Anche se non l’amate rassegnatevi. Sarah Palin riserva altre sorprese

02 Giugno 2010

Parlare di sé per iscritto senza essere Fëdor M. Dostoevskij (1821-1881) è da pusillanimi, ma diventa persin molesto se si ha un minimo di visibilità pubblica, tipo quella che, comunque, tocca a chi svolge la professione giornalistica. Accennerò allora al sottoscritto solo nella misura in cui la rievocazione di alcuni fatti concreti serve a dare il la a considerazione ben maggiori.

Quando l’allora governatrice dell’Alaska, Sarah Palin, venne scelta come running-mate, era l’estate del 2008, dal senatore dell’Arizona John McCain, candidato del Partito Repubblicano alla Casa Bianca, fui tra chi ne scrisse subito entusiasticamente su qualche organo nostrano d’informazione e di approfondimento culturale (beninteso, il “lancio” della candidatura della Palin spetta comunque a Il Foglio, che batté tutti in breccia mesi prima). Me ne incolse una gragnola di epiteti, critiche, derisioni.
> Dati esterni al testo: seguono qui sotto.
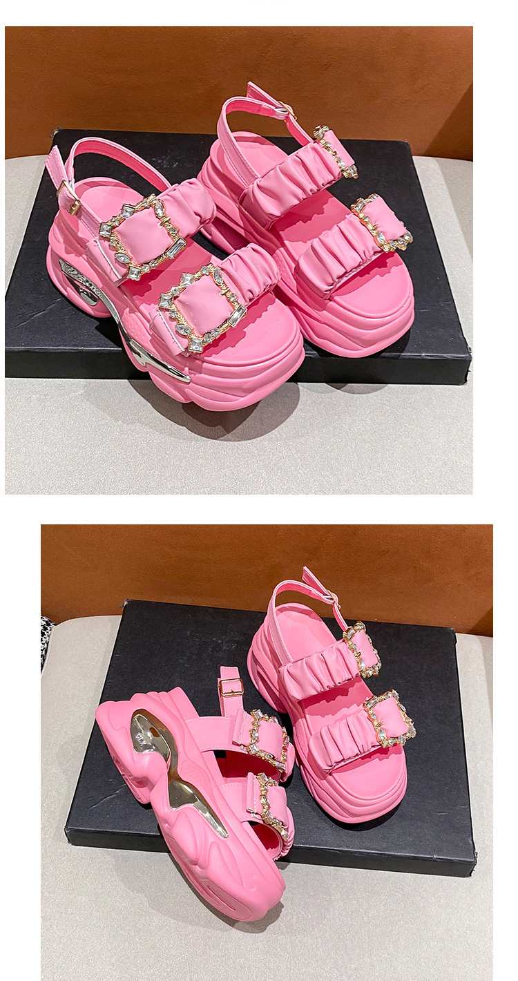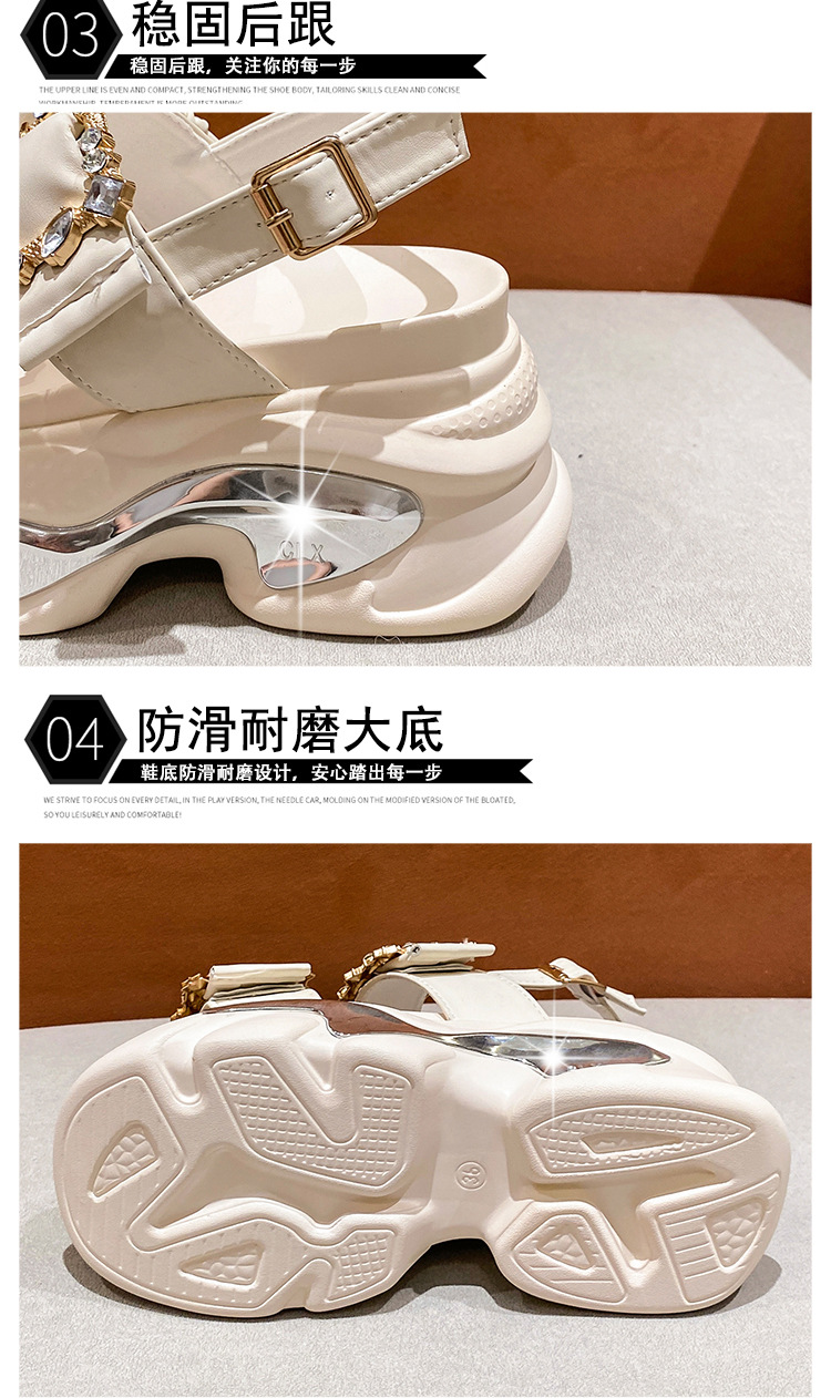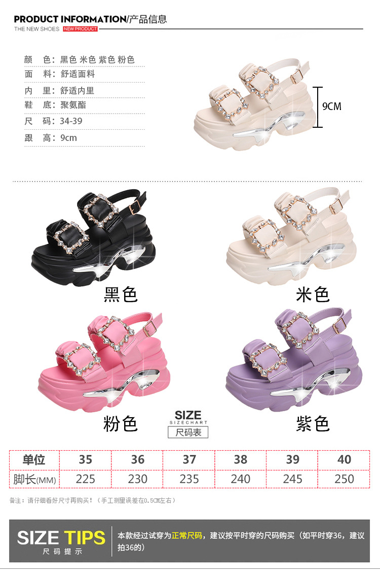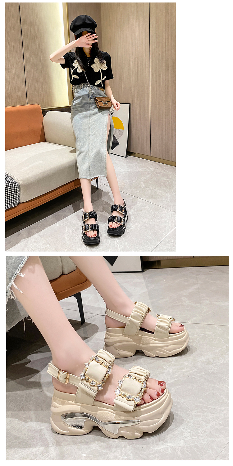 인터넷 연예인, 트렌디 플랫폼 플랫폼 샌들 여성 캐주얼 여름 새 한국식 라인스톤 버클 오픈 발가락 하이힐 샌들

Mi si attribuirono “profezie” sul successo elettorale di Sarah che mai avevo fatto e mi si è descritto come un “vedovo” inconsolabile dopo la sconfitta subita dal ticket McCain-Palin a opera di Barack Hussein Obama (ah sì, e di Joseph Robinette “Joe” Biden jr., ma non se lo ricorda nessuno….). Cose che capitano, chisseneimporta. La questione fondamentale invece è che gran parte di quella stampa italiana che ha descritto la prode Sarah come una fanatica religiosa, una parafascista guerrafondaia, una talebana dell’antiabortismo, una ignorante assurta alle cronache nazionali solo per qualche concorso di bellezza vinto in gioventù farebbe meglio a mettersi a studiare. Per esempio a studiare il complesso e affascinante sistema della comunicazione politica statunitense, marketing compreso, poi la sociologia di quel fenomeno, il conservatorismo, che è ben lungi oramai dall’essere solo una delle opzioni politiche americane, quindi la storia del Paese più citato e meno davvero conosciuto del mondo (sì, esattamente gli Stati Uniti d’America) e magari anche alla fine qualche tabella elettorale comparata. Se lo facesse, infatti, quel mondo parvenu smetterebbe immediatamente di ridire.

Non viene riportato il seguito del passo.